Mais tandis que les termes de cette commémoration rituelle changent avec les années, l’idée de base propagée par la classe dominante en Irlande reste la même. Cette idée, c'est que l’indépendance nationale aurait résulté de l’unanimité de toutes les classes, de toutes les courageuses forces "rebelles" de la société irlandaise. Surtout, la mythologie bourgeoise du soulèvement de Pâques le considère comme le produit de l’unité entre le mouvement nationaliste et le mouvement ouvrier, representés par les deux leaders de l’insurrection contre la domination britannique : Patrick Pearse à la tête des "Volontaires irlandais" et le socialiste radical James Connolly qui commandait la milice appelée "Armée des citoyens irlandais".

Afin de maintenir ce mythe, il est régulièrement occulté qu’une figure ouvrière de l’époque s’était opposée au soulèvement de 1916. Cet oubli de la bourgeoisie irlandaise (y compris de ses ailes radicales et soi-disant "marxistes" du Sinn Fein) est très frappant car ce leader, Sean O’Casey, devait devenir un des plus grands dramaturges du 20e siècle. Sa fameuse pièce, La Charrue et les Etoiles (The Plough and the Stars), qui est aujourd’hui reconnue comme l’une des plus grandes œuvres de la littérature mondiale moderne, est une dénonciation virulente du soulèvement de Pâques. Cette pièce est une épine dans la chair de la bourgeoisie irlandaise, car elle rappelle la vérité historique qui vit non seulement O’Casey, mais une partie de la classe ouvrière en Irlande, refuser de participer ou de soutenir le soulèvement.

La Charrue et les Etoiles

L’Armée des Citoyens Irlandais (Irish Citizen’s Army, ICA) était une milice mise sur pied durant les six mois où Dublin avait été bloquée pour protéger les ouvriers de la sauvagerie de la répression étatique dirigée contre la combativité des ouvriers des transports. "La Charrue et les Etoiles"” était  la bannière de l’ICA. C’était un des étendards les plus poétiques du mouvement ouvrier. La charrue symbolisait le retournement du sol de la société capitaliste par la lutte de classe, le travail patient de semaille des graines du futur, mais aussi le besoin impérieux de la récolte quand elles sont à maturité. Quant aux étoiles, elles expriment la beauté et la noblesse des buts et des idéaux du mouvement ouvrier.

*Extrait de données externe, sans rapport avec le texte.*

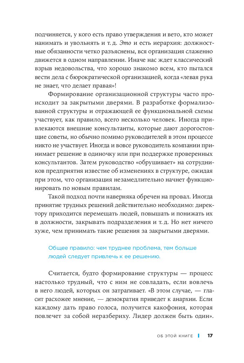 Множество проблем в бизнесе связаны с неоптимальной или устаревшей организационной структурой. Ее трансформация – дело непростое и часто весьма болезненное, поэтому неудивительно, что многие руководители откладывают изменение структуры компании на потом. Методология Адизеса, протестированная на сотнях компаний со всего мира, поможет решить большинство структурных проблем, не потеряв в управляемости и не разрушив уникальную корпоративную культуру.
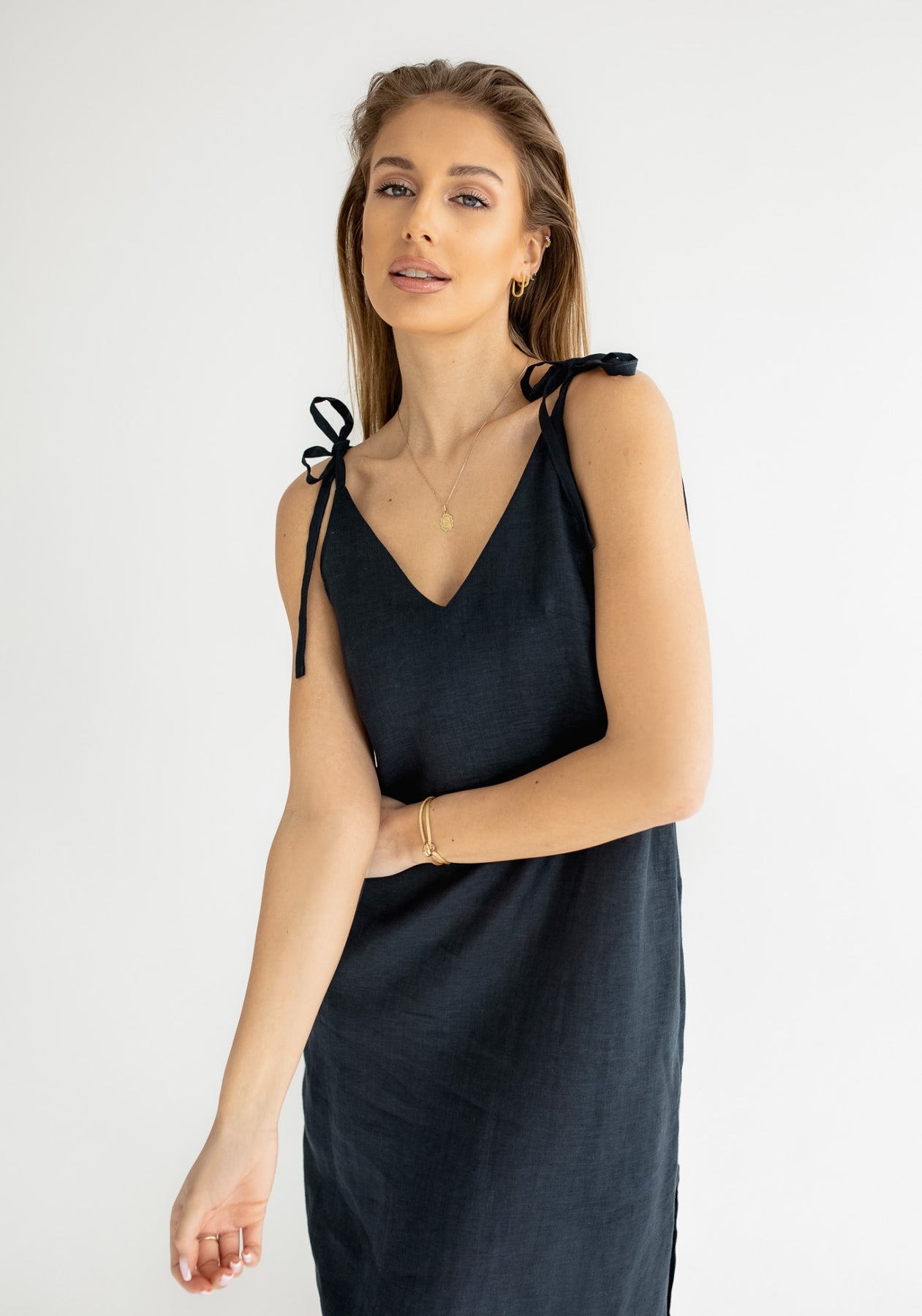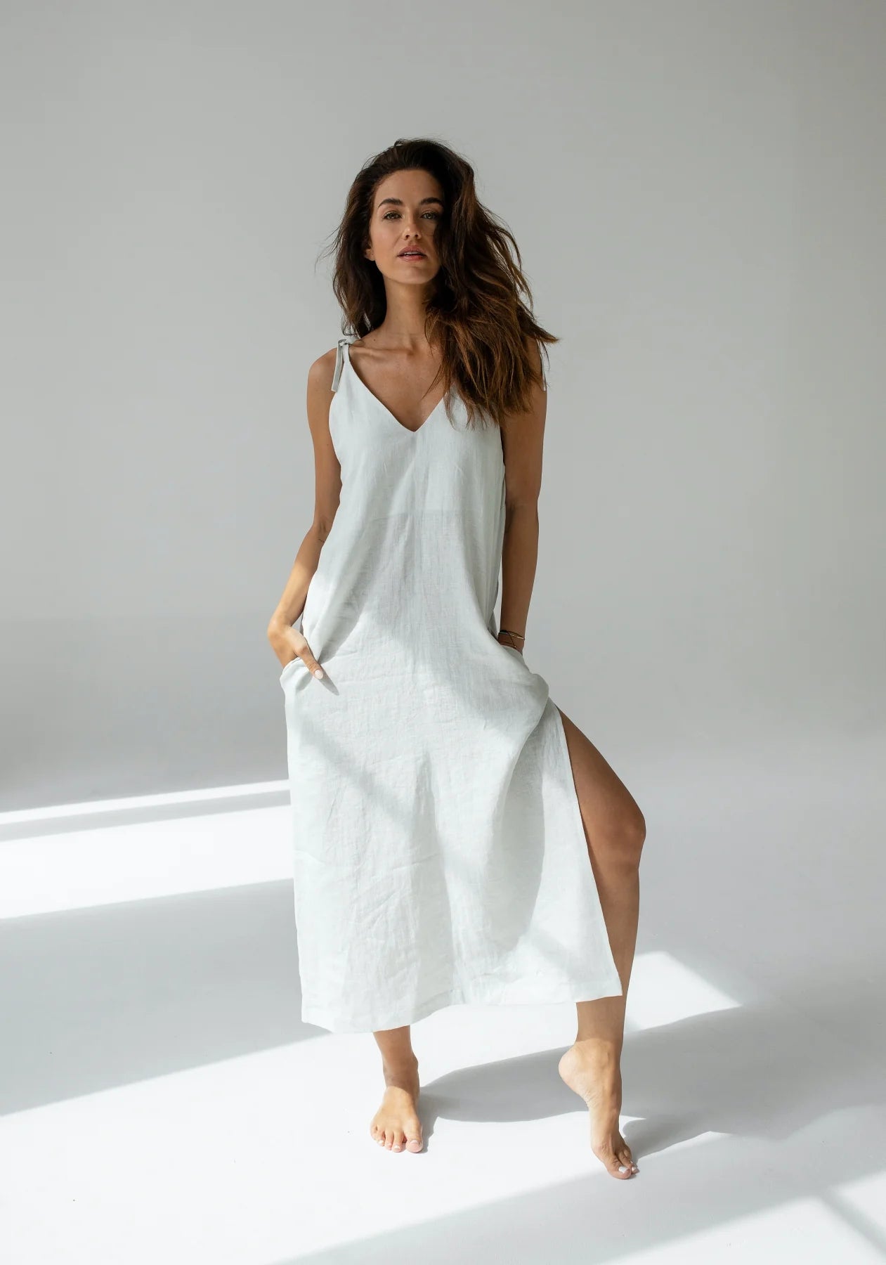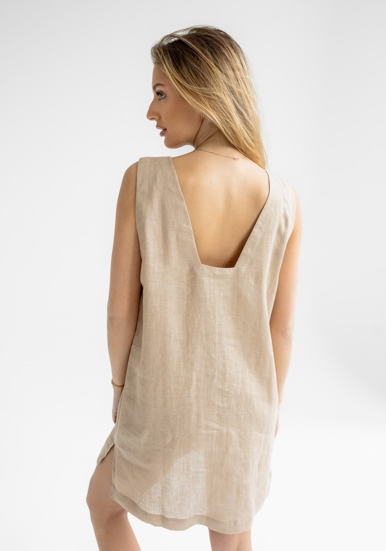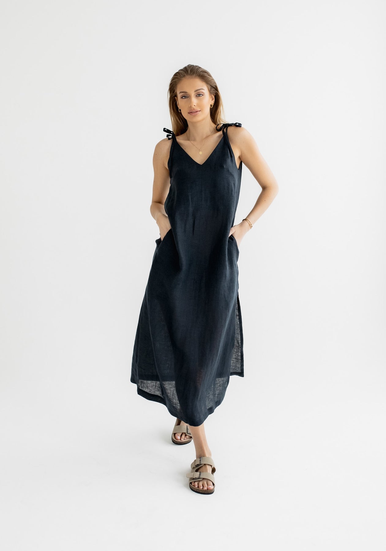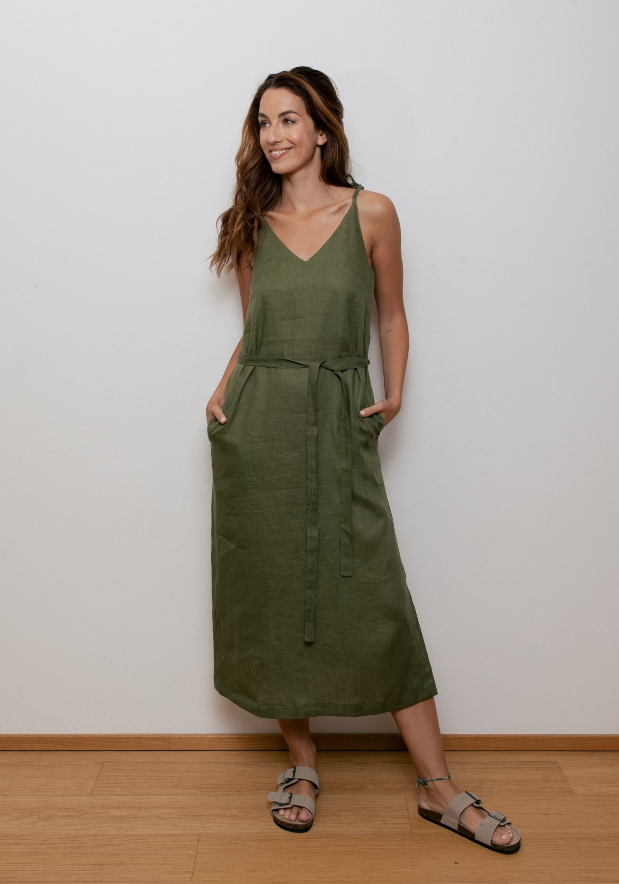 Long linen dresses are playful and their straps can be tied on the shoulders or easily on the back, so they fit all sizes. Women's linen dresses are sewn precisely from natural material in the Czech Republic.
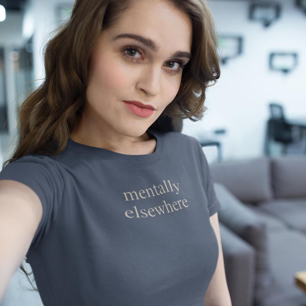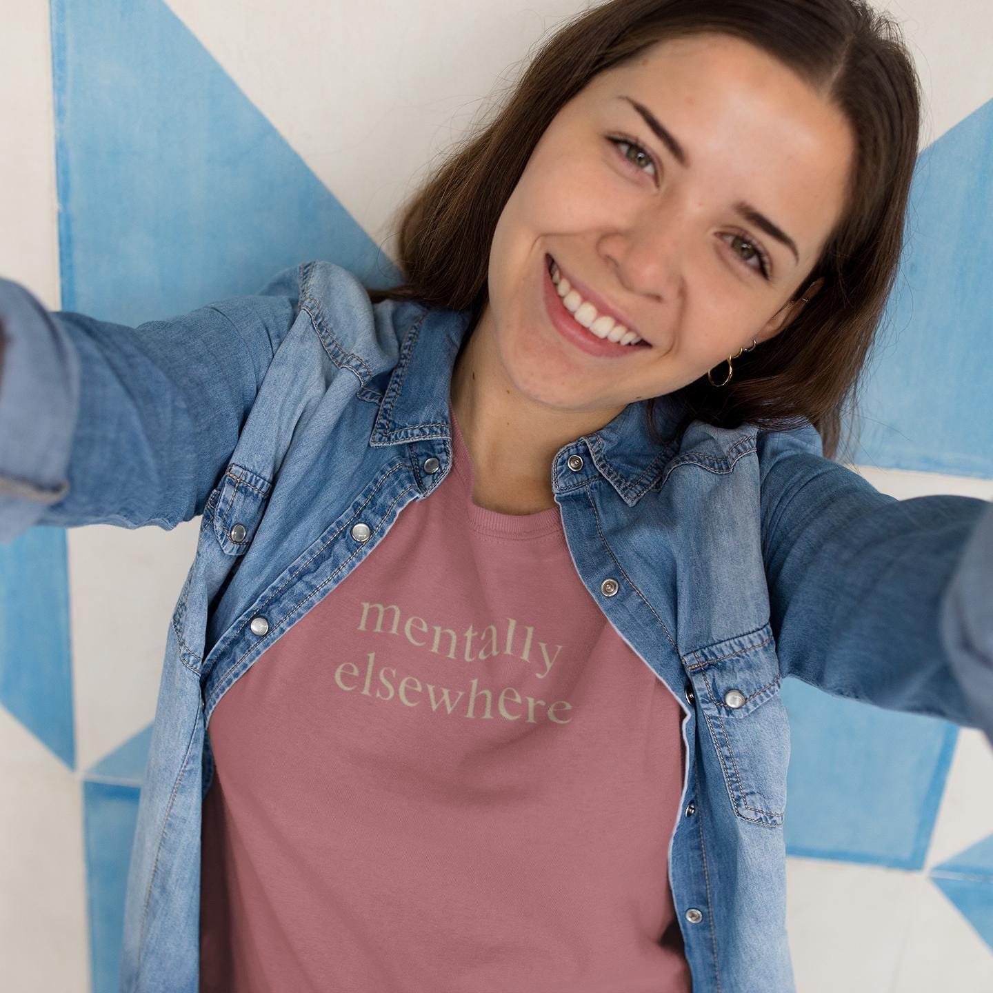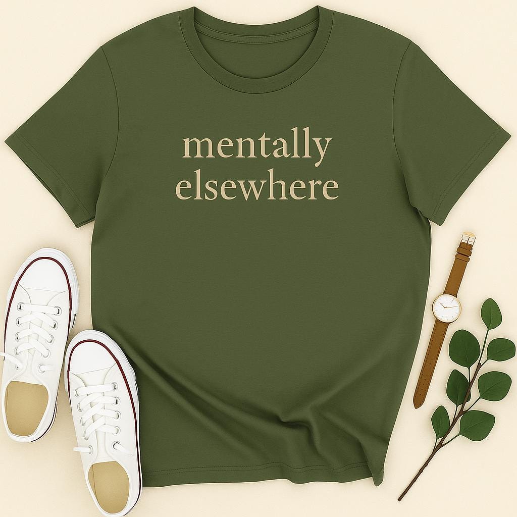 his Mentally Elsewhere tee is for anyone who’s here—but not really. Made with soft-washed Comfort Colors cotton, this sarcastic minimalist T-shirt is perfect for introverts, daydreamers, and overthinkers who love a neutral, cozy vibe. Whether it’s a Zoom call or Sunday coffee, this tee keeps your energy politely distant.

La pièce de O’Casey du même nom est une virulente mise en accusation de la trahison de ces idéaux par la participation de l’ICA à l’insurrection nationaliste de 1916. Tandis que la lutte avait lieu dans le centre ville, les habitants des bas quartiers de Dublin mouraient de pauvreté et de tuberculose. O’Casey montre qu’il n’y a rien dans les prétendus grands idéaux des nationalistes qui puisse apporter un meilleur sort ou un réconfort moral aux ouvriers et aux pauvres. Il montre l'existence de l’autre côté de la rue, visible depuis les habitations occupées par les insurgés, de  gens affamés qui occupent aussi des bâtiments, non pas dans le but de soutenir l'insurrection, mais pour piller de la nourriture dans  les magasins.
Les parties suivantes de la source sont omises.